■ Activity
Could you give again exactly, and only, the lines from the one holding "音をきいて札をとろう。効果音" through the end of the data, both ends included, with pictures left out?

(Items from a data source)

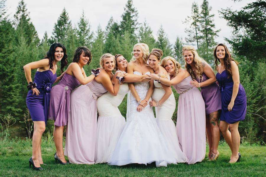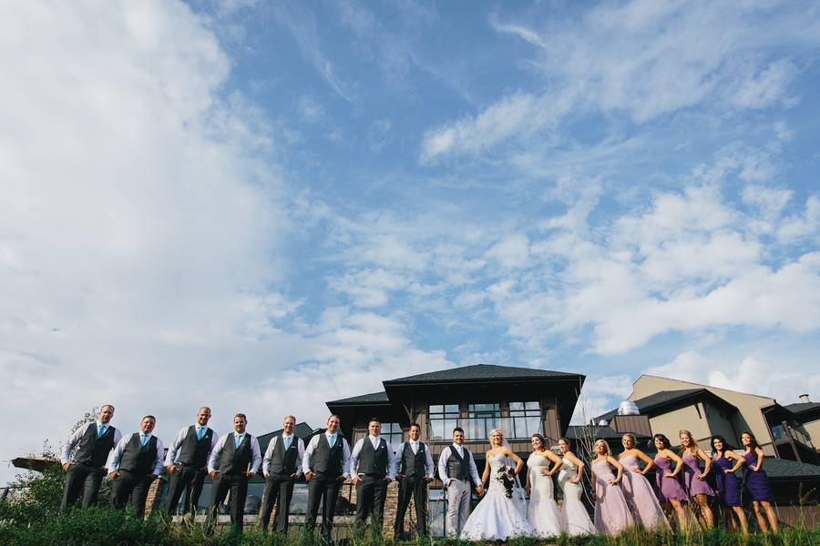 The girls were all in an ombre inspired colour tone and the guys were in very stylish grey suits with purple accents to match their partner for the day. The bride was in an exquisite dress from the Bridal House. It was full of gems but didn’t stand a chance out shining the smile on her face that day.
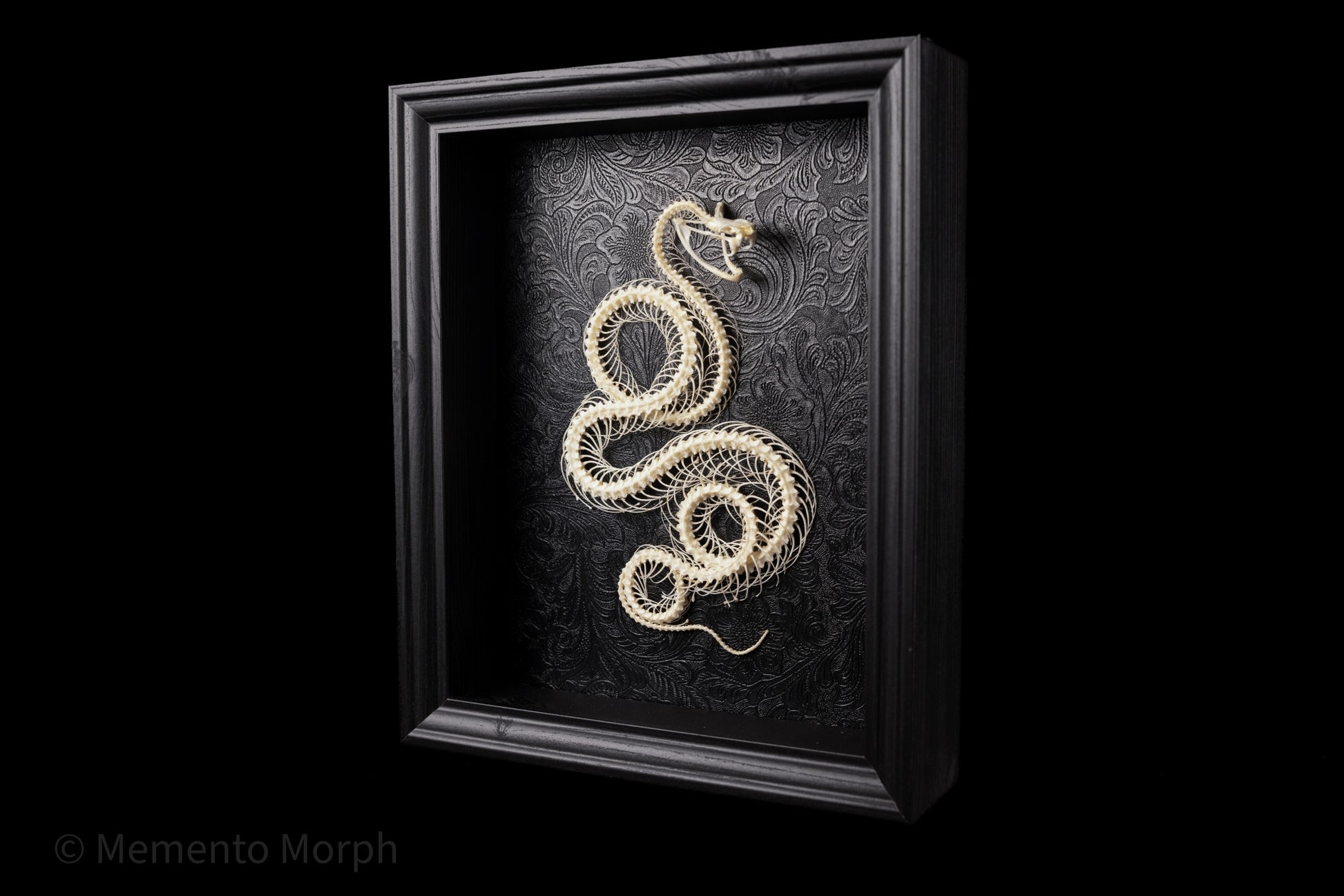 Framed Trimeresurus Albolabris Skeleton with Black Ornamental Background
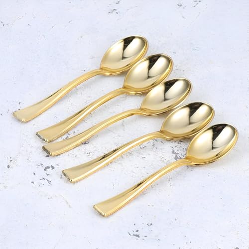 Generic - ملاعق يمكن التخلص منها - جرب راحة الملاعق الأنيقة للاستخدام مرة واحدة للحفلات، وسهلة التنظيف وقابلة لإعادة التدوير، ومثالية للتنظيف الخالي من التوتر بعد أحداثك مقاس 2*9.8 سم (جولد 50 قطعه)
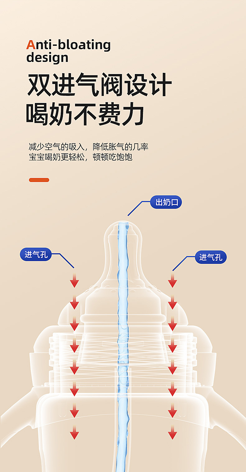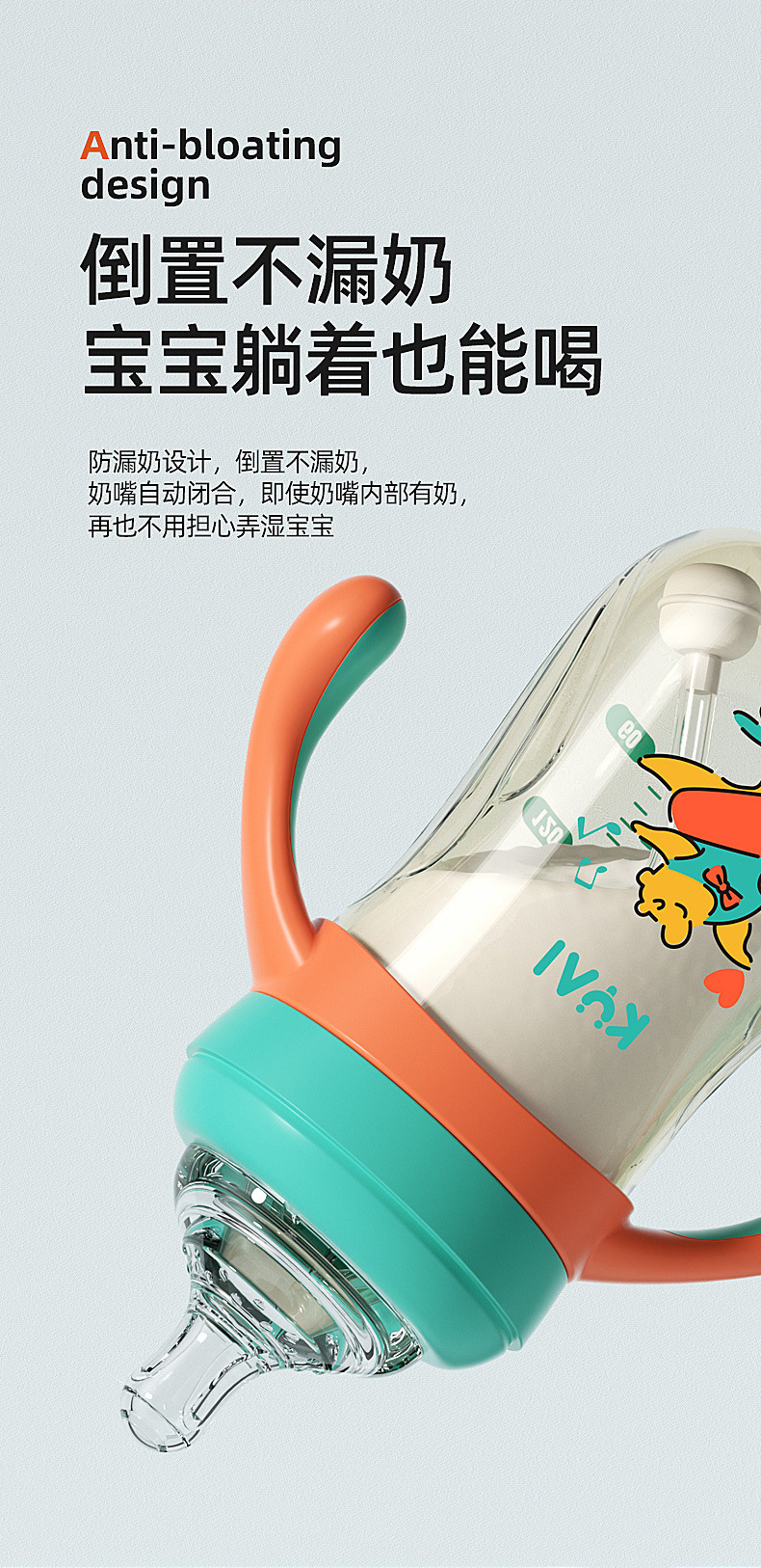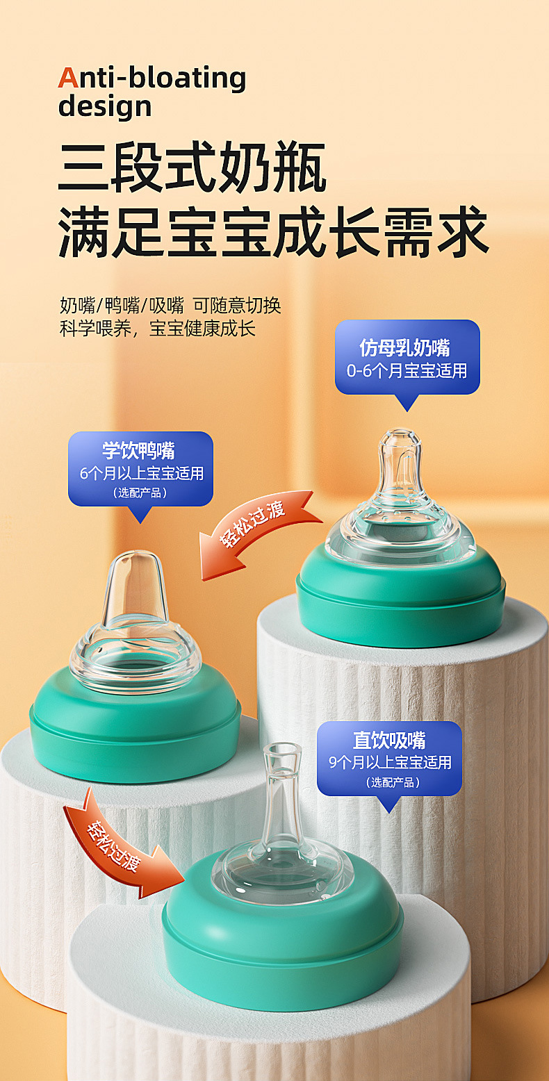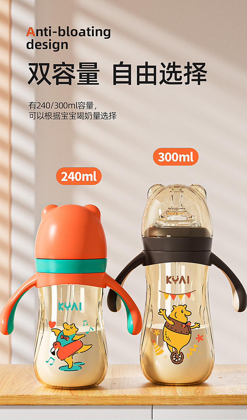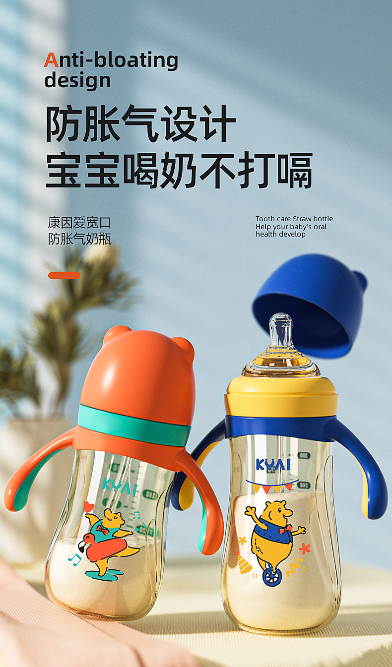 Infant feeding bottle big baby anti flatulence anti fall high temperature resistant (with pacifier can be equipped with Duck mouth suction nozzle)
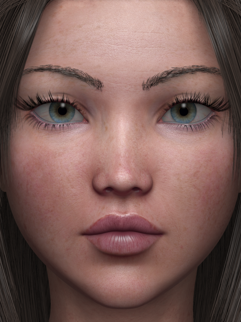 What is needful to know about these is that because they are attached and growing from the eyelids, pretty much every time you dial in a new character that changes the shape of the face and particularly the eyes, they are going to go slightly wonky.  Usually they're fine and usable, but sometimes they'd need to be yanked straight out at a 90 degree angle by a brush at 100% stiffness and 100% strength, and then brushed back up (and down for the lower lashes) in a gentle curve.  It's pretty simple and easy to do, but it's still an extra complication probably no one is eager to add in to the workflow.  However imo they can look more natural than the standard prop transparency eyebrows, so maybe these will be useful for someone.  :)
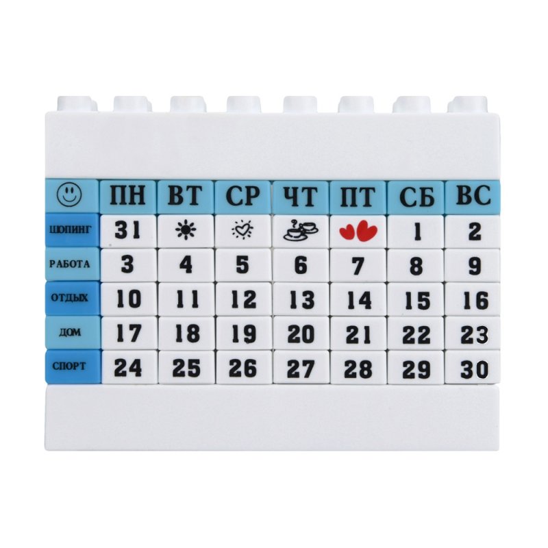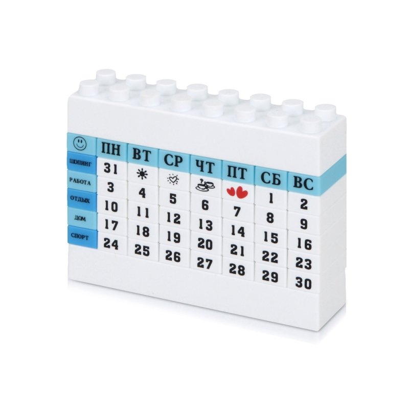 Замечательная и креативная идея для активных и целеустремленных людей. Вечный календарь в виде конструктора подчеркнет индивидуальность обладателя и поможет держать ритм жизни под контролем. Календарь поможет в планировании рабочего и свободного времени, ведь кубики можно собирать так, как вы того хотите, учитывая ваши планы и приоритеты.
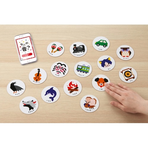 音をきいて札をとろう。効果音が読み札になる、新感覚のカルタです。カード57枚+無地3枚つき。アプリには、まねっこモード、ミックスモード、DJモードなどあります。 |
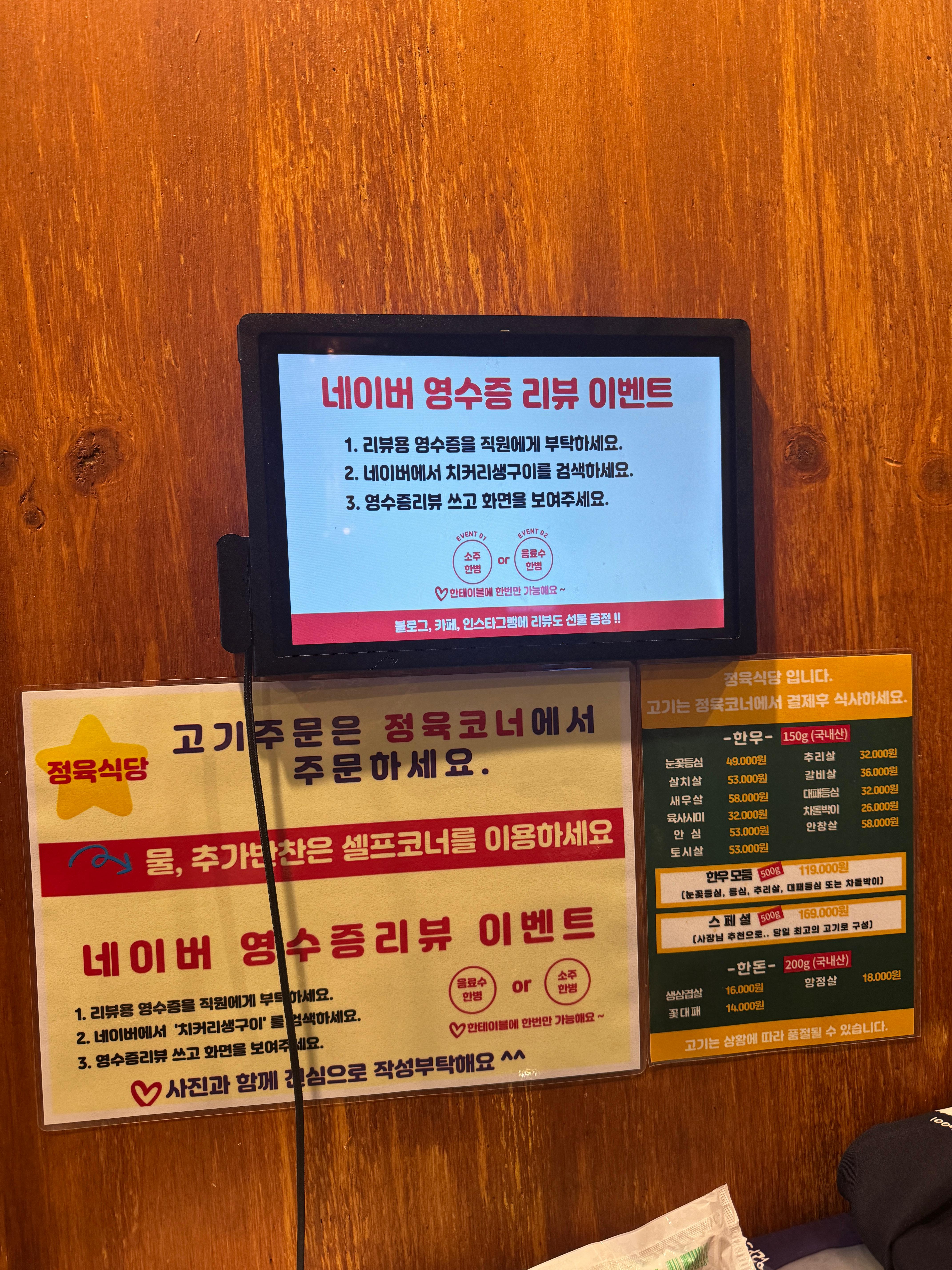 고기는 사장님께 정육코너에서 주문을 하면 되고 이외의 모든 것은 패드를 통해 주문하는 시스템이다.

■ Answer for this exercise
 音をきいて札をとろう。効果音が読み札になる、新感覚のカルタです。カード57枚+無地3枚つき。アプリには、まねっこモード、ミックスモード、DJモードなどあります。 |
 고기는 사장님께 정육코너에서 주문을 하면 되고 이외의 모든 것은 패드를 통해 주문하는 시스템이다.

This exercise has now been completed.